▶ **TO DO**
Repeat word for word the lines starting at the one with "Gençlerin doğal gaz" and ending at the final line of the material, both ends included; omit pictures.
:::::
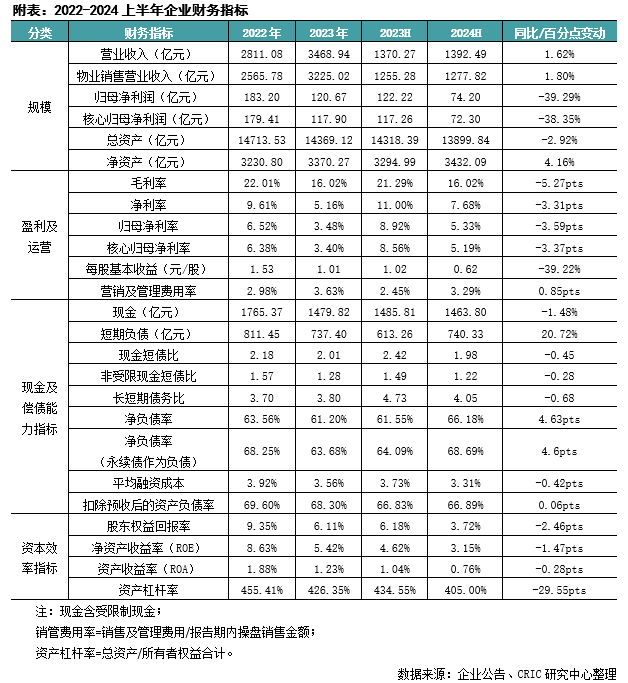2024上半年保利发展实现营业收入1392.49亿元,同比增长1.62%;预收房款达到3535亿元,后续待结算收入储备较为充足。利润方面,企业实现毛利润223.08亿元,同比减少23.5%;归母净利润74.2亿元,同比减少39.3%;扣除非经常性损益后的核心归母净利润为72.3亿元,同比减少38.3%。
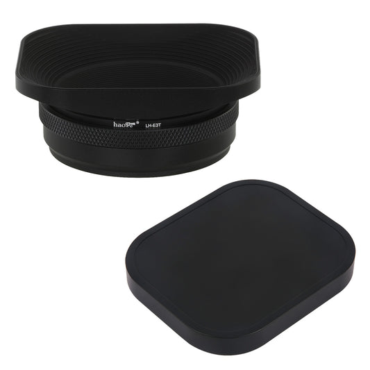 Haoge LH-E3T Square Metal Lens Hood with 49mm Adapter Ring with Cap for Fujifilm Fuji FinePix X100 X100S X100T X70 X100F X100V X100VI Camera Replaces Fujifilm LH-X100 AR-X100 LH-X70 Black
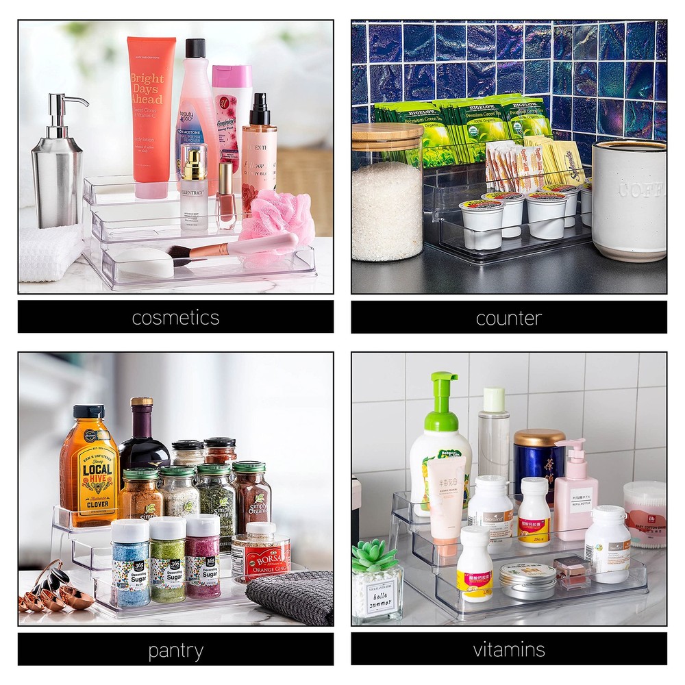 Keep yourself organized with this spice storage rack from . This three-tiered rack increases visibility allows for easy access to your items. The rack has deep shelves to catch spills and prevent them from spreading in your drawers, cabinets, and countertops. Use this versatile organization rack throughout your home- in your kitchen cabinets and counters to store spices, your desk to keep office supplies organized, your bathroom to organize makeup and toiletries, or a kids’ playroom to organize arts and craft supplies. It is made of high quality plastic making it durable to withstand every day use and is easy to clean and wipe down. Combine this storage rack with other storage items to completely reorganize your home. GET ORGANIZED: Are you looking for a way to declutter your kitchen, bathroom, office or bedroom while upgrading your pantry and cabinets? With this spice rack from you'll find the great solution. SET INCLUDES: This rack has three tiers to increase visibility and easy access to the items on your kitchen counter or cabinets. Deep shelves helps to prevent spills from spreading. Dimensions are: 10.5" x 9.5" x 4.25" FUNCTIONAL & VERSATILE: Use this organizer in many different rooms throughout your home. Use them in your kitchen to store spices. They can be used in your desk to keep office supplies organized, your bathroom to organize makeup and toiletries, or a kids’ playroom to organize arts and craft supplies. HIGH QUALITY: The storage rack are made of a high-quality plastic making them durable for every day use, but also easy to clean and wipe down. CUSTOMER SATISFACTION GUARANTEE: At , our #1 goal is customer satisfaction, please feel free to reach out to us so we can ensure that your order experience is positive and hassle free.
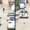 Gençlerin doğal gaz dağıtım firmasının aracını polis sanarak kaçtığı anlar kamerada
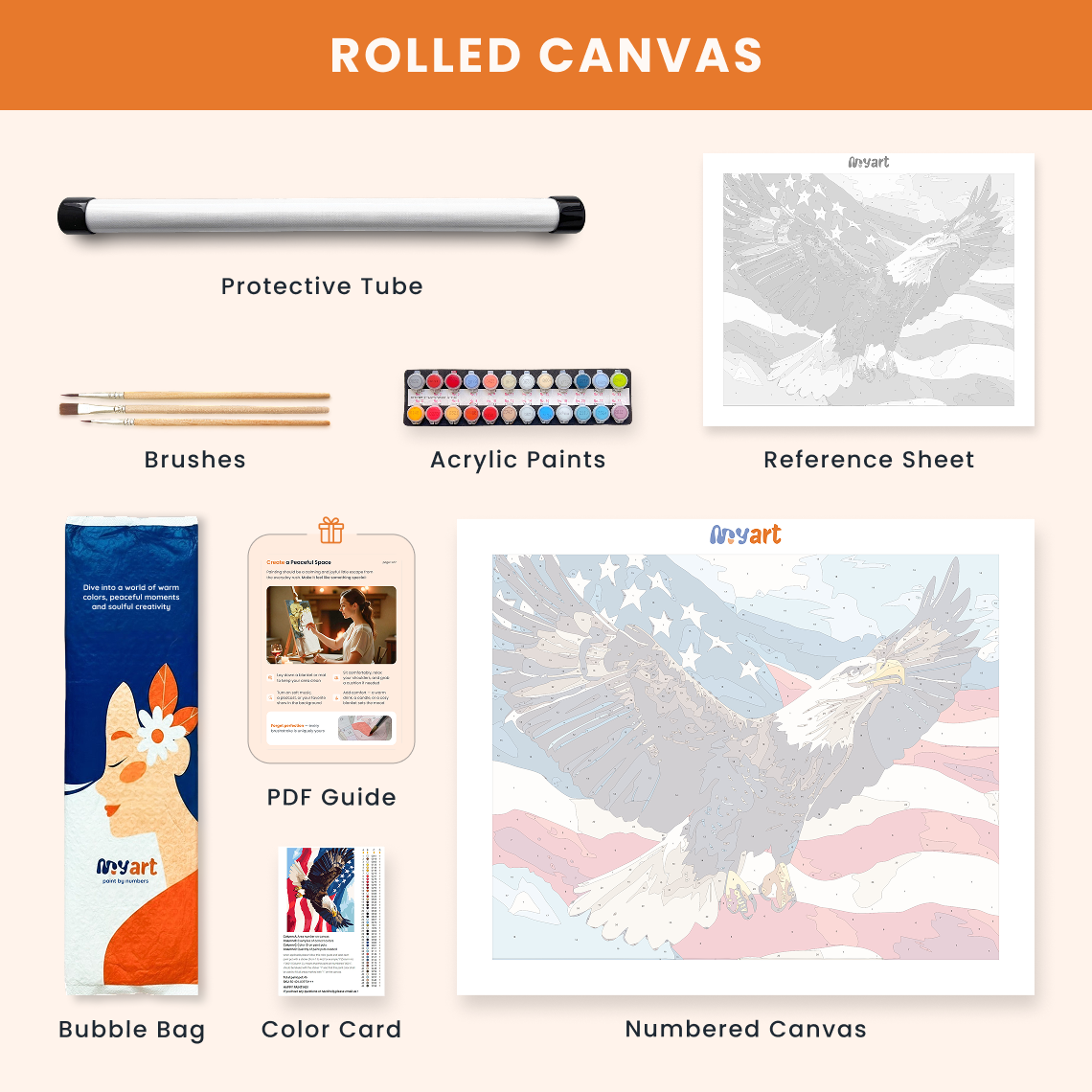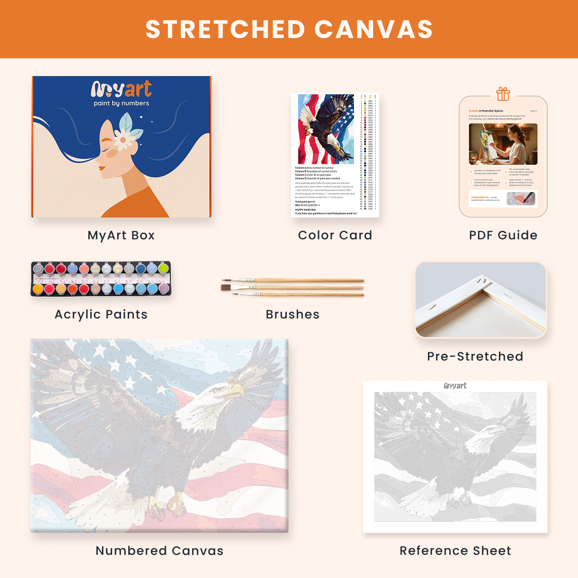 - Premium acrylic paint set (pre-mixed and numbered)
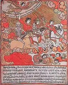 Тема Четырех всадников является одним из самых популярных апокалиптических сюжетов вообще, однако как самостоятельный мотив она появляется достаточно поздно. В средневековых миниатюрах каждый из всадников изображался сам по себе, на отдельном листе (изредка лишь в испанских «Беатусах» их иногда изображают на одной странице). Ситуация меняется в позднее Средневековье и с началом эпохи Возрождения (например, Дюрер соединяет их на одном листе, 1498 год), с распространением печатных книг с гравированными иллюстрациями. Совместная скачка четырех всадников возникает во фресковых циклах и в религиозных картинах, а в XIX веке уже как независимые произведения. Бенджамин Уэст разрабатывал тему и в классицистической, и в позднебарочной эстетике. Четыре всадника приобретают совершенно независимую трактовку у светских живописцев (Уильям Тернер, Фредерик Уоттс, А. Беклин). Эффектное воплощение темы находим в творчестве Виктора Васнецова в эскизах к неосуществленным росписям Киевского собора[3][4]. Встречаются и скульптурные работы на этот сюжет.
:::::
▶ **RESULT OF THIS TASK**
 Gençlerin doğal gaz dağıtım firmasının aracını polis sanarak kaçtığı anlar kamerada
 - Premium acrylic paint set (pre-mixed and numbered)
 Тема Четырех всадников является одним из самых популярных апокалиптических сюжетов вообще, однако как самостоятельный мотив она появляется достаточно поздно. В средневековых миниатюрах каждый из всадников изображался сам по себе, на отдельном листе (изредка лишь в испанских «Беатусах» их иногда изображают на одной странице). Ситуация меняется в позднее Средневековье и с началом эпохи Возрождения (например, Дюрер соединяет их на одном листе, 1498 год), с распространением печатных книг с гравированными иллюстрациями. Совместная скачка четырех всадников возникает во фресковых циклах и в религиозных картинах, а в XIX веке уже как независимые произведения. Бенджамин Уэст разрабатывал тему и в классицистической, и в позднебарочной эстетике. Четыре всадника приобретают совершенно независимую трактовку у светских живописцев (Уильям Тернер, Фредерик Уоттс, А. Беклин). Эффектное воплощение темы находим в творчестве Виктора Васнецова в эскизах к неосуществленным росписям Киевского собора[3][4]. Встречаются и скульптурные работы на этот сюжет.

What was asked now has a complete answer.